- _Instructions for the task_: Return the following from the records below: each line, word for word, starting with the line that contains "图为3月25日,工人在北京农" and going on through the line that contains "Fleur Alpine Каша", with nothing outside that range.

*** Opening of Information supplied ***

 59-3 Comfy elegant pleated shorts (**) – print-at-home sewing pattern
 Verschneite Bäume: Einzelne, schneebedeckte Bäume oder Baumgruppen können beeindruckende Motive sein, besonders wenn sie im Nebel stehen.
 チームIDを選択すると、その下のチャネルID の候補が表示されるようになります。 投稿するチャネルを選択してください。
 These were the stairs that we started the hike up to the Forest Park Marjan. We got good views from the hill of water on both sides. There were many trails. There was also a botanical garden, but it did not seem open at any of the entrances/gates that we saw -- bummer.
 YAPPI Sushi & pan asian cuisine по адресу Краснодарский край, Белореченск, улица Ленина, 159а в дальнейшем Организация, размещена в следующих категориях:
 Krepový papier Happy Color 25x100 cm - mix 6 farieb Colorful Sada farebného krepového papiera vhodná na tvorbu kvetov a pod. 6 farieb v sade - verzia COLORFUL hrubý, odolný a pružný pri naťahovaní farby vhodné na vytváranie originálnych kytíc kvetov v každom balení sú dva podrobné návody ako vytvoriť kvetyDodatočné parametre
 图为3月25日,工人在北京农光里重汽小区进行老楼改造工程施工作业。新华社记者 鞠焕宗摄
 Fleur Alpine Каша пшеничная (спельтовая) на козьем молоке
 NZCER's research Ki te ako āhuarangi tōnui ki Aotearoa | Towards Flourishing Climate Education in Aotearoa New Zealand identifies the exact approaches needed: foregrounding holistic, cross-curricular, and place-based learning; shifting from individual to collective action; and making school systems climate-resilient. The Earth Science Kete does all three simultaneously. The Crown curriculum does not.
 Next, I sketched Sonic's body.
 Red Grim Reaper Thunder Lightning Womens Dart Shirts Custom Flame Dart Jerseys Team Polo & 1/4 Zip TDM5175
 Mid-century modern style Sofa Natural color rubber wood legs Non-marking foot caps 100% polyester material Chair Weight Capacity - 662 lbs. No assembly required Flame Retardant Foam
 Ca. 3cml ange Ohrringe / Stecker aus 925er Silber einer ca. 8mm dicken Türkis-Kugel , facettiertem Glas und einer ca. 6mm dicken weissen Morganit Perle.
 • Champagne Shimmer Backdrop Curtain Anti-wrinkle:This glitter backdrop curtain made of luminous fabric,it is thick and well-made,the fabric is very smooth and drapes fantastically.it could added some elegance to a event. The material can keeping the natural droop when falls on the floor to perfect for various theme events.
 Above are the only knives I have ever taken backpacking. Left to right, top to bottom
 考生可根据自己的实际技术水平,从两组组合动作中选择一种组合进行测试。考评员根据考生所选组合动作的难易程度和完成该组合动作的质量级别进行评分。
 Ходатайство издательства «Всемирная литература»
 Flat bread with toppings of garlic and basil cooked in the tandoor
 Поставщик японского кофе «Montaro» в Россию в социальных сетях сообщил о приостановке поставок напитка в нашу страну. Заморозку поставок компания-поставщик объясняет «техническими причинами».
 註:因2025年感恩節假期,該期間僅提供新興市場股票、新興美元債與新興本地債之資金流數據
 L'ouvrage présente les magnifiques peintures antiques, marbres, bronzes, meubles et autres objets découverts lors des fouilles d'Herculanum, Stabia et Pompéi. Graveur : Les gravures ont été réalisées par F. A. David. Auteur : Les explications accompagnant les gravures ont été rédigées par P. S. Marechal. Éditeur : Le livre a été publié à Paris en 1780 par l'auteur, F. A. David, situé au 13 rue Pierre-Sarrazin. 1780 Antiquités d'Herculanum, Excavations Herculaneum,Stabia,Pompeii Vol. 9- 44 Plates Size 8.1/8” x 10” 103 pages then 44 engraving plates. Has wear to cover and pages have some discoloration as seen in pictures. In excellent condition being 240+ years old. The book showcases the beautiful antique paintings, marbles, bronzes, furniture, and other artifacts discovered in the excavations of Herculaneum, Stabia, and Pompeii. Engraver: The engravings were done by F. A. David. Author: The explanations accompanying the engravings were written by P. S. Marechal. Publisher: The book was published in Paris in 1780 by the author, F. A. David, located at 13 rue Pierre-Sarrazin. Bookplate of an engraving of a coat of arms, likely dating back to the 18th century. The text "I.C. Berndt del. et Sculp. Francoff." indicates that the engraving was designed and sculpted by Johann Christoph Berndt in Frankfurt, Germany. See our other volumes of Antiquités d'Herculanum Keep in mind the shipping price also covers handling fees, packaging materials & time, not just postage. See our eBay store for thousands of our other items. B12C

*** Close of Information supplied ***

- _Solution to this exercise_:
 图为3月25日,工人在北京农光里重汽小区进行老楼改造工程施工作业。新华社记者 鞠焕宗摄
 Fleur Alpine Каша пшеничная (спельтовая) на козьем молоке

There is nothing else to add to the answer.